In many cases the text itself can be retrieved but there is almost
always loss of some or even all formatting. I gather that the current
version of Word can't read documents made by all previous versions of
itself successfully.
The idea that any of the formats being discussed will become
impossible to read is silly. There are billions of HTML document and
hundreds of millions of PDFs
I can read some PDFs on one of my linux boxes. Many PDFs complain and
coredump. The other boxes can display ASCII only because they cannot
run X.
Of course it will not be impossible to read. But there is a big
difference between being able to have copies of all published RFCs on
local storage (another issue with PDF: the files are many orders of
magnitude larger) that are searchable with widely available tools and
having to enlist specialist help to extract the desired information.
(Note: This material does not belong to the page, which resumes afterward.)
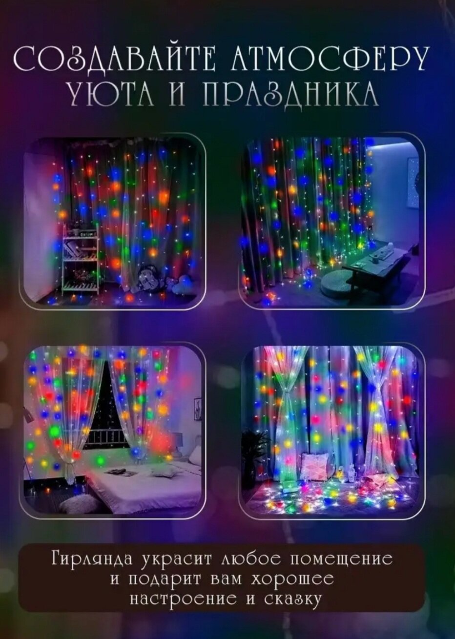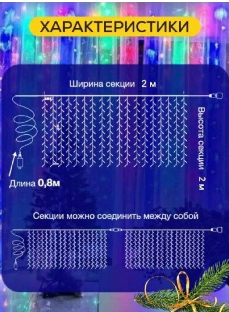 Конструкцией гирлянды предусмотрено наличие контроллера дляпринудительного переключениями между режимами свечения. Количество режимовсвечения - 8 шт. Цвет свечения гирлянды - холодный белый. Гирлянда работаетот сети. Номинальное напряжение электрической цепи гирлянды составляет 220В.

I'm convinced that the success of the TCP/IP and web families of
standards has a great deal to do with the fact that the standards
documents involved are freely and easily available.
The output of the IETF is simply not that critical for this level of
concern to be warranted. RFCs are exactly that, requests for comment.
Yes that is true, the IETF was not asked about lanmanager and netbios.
That is 99% of all local network traffic and it cannot even access the
internet. (In case you dont believe it, look for the broadcast packets)
Go ask the people at the company you work for how important they think
their GTLD servers are, and how critical RFCs 791, 768 and 1035 (to
name a few old ones) are for their continued operation.
The real standards are and will always be set by running code.
All machines I am running BIND 9.4.0a6 on, cannot view PDFs. I guess
BIND is a standard and 9.4.0a6 is very state of the art.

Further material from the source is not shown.